BEGIN Given data

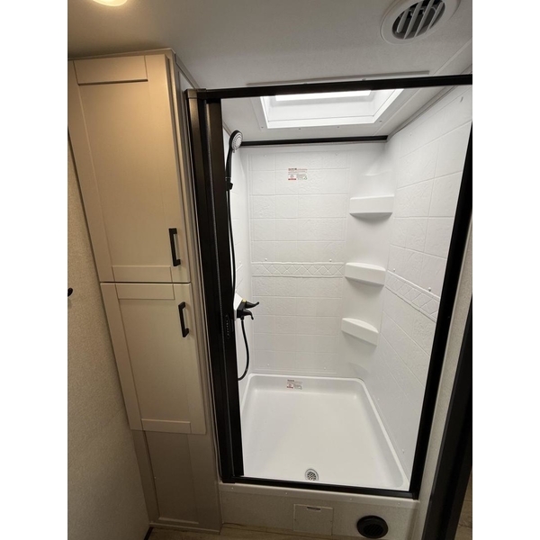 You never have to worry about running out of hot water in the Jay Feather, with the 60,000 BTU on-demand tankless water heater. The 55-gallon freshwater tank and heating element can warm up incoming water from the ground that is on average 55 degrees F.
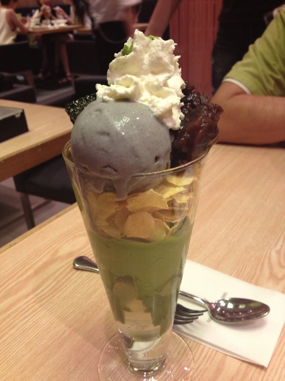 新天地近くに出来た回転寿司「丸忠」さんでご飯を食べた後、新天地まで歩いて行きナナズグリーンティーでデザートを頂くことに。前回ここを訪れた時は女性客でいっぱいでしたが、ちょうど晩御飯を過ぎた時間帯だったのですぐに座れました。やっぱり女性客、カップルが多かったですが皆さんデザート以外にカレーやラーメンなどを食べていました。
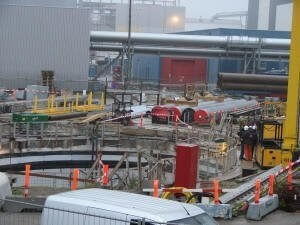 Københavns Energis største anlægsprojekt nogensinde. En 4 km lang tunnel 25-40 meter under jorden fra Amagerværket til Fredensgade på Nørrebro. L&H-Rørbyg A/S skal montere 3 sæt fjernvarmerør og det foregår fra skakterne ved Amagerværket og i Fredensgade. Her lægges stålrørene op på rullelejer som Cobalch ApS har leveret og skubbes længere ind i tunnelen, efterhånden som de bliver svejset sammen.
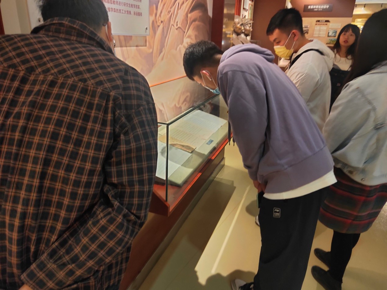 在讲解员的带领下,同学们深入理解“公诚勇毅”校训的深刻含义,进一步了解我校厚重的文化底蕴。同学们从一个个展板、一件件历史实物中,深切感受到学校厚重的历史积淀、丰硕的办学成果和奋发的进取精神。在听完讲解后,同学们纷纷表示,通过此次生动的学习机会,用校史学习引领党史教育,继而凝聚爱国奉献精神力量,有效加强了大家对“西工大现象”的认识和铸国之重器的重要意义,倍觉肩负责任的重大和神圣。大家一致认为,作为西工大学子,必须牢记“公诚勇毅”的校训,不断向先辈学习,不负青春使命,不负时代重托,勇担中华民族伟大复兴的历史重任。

END Given data

**Task description:** Reproduce the listing above from the line that holds "新天地近くに出来た回転寿司「" through the line that holds "Københavns Energis største", both included, with the pictures left out.

**Exercise result:**
 新天地近くに出来た回転寿司「丸忠」さんでご飯を食べた後、新天地まで歩いて行きナナズグリーンティーでデザートを頂くことに。前回ここを訪れた時は女性客でいっぱいでしたが、ちょうど晩御飯を過ぎた時間帯だったのですぐに座れました。やっぱり女性客、カップルが多かったですが皆さんデザート以外にカレーやラーメンなどを食べていました。
 Københavns Energis største anlægsprojekt nogensinde. En 4 km lang tunnel 25-40 meter under jorden fra Amagerværket til Fredensgade på Nørrebro. L&H-Rørbyg A/S skal montere 3 sæt fjernvarmerør og det foregår fra skakterne ved Amagerværket og i Fredensgade. Her lægges stålrørene op på rullelejer som Cobalch ApS har leveret og skubbes længere ind i tunnelen, efterhånden som de bliver svejset sammen.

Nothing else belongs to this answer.